Records shown
──────────
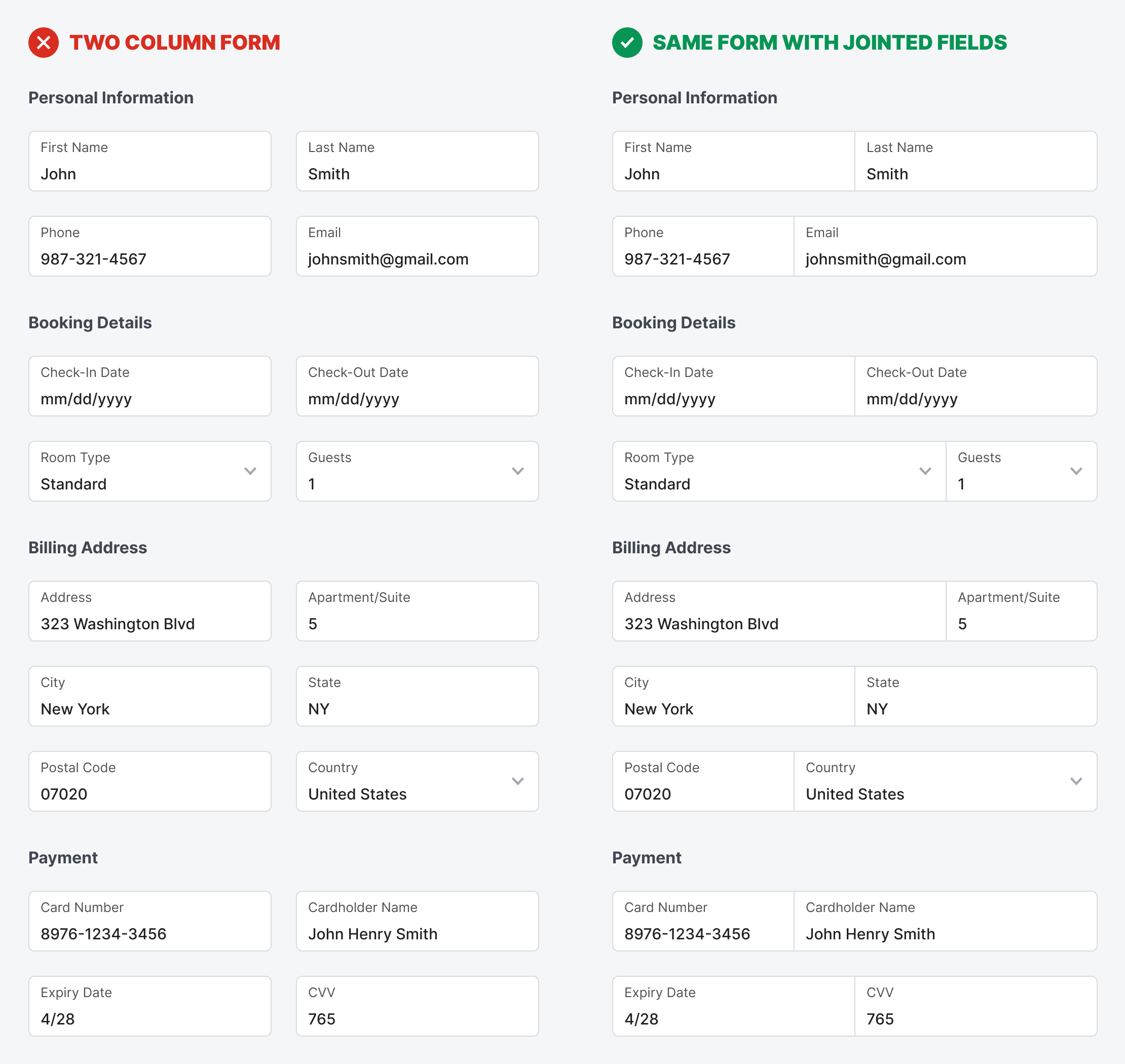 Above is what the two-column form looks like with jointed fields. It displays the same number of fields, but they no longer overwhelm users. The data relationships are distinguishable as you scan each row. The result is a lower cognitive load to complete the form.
──────────
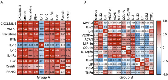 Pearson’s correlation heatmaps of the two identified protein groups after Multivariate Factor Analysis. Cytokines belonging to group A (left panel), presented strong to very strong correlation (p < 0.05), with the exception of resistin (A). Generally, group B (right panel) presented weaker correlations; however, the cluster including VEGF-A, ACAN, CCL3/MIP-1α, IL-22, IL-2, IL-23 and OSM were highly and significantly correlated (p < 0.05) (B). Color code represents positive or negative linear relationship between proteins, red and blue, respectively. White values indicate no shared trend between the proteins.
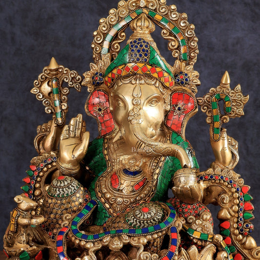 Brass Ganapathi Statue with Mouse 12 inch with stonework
──────────
What is expected
Given the listing above, retype only the span of lines from the line with "Pearson’s correlation heatmaps" up to and including the line with "Brass Ganapathi Statue", exactly as it stands and without pictures.

Written solution
 Pearson’s correlation heatmaps of the two identified protein groups after Multivariate Factor Analysis. Cytokines belonging to group A (left panel), presented strong to very strong correlation (p < 0.05), with the exception of resistin (A). Generally, group B (right panel) presented weaker correlations; however, the cluster including VEGF-A, ACAN, CCL3/MIP-1α, IL-22, IL-2, IL-23 and OSM were highly and significantly correlated (p < 0.05) (B). Color code represents positive or negative linear relationship between proteins, red and blue, respectively. White values indicate no shared trend between the proteins.
 Brass Ganapathi Statue with Mouse 12 inch with stonework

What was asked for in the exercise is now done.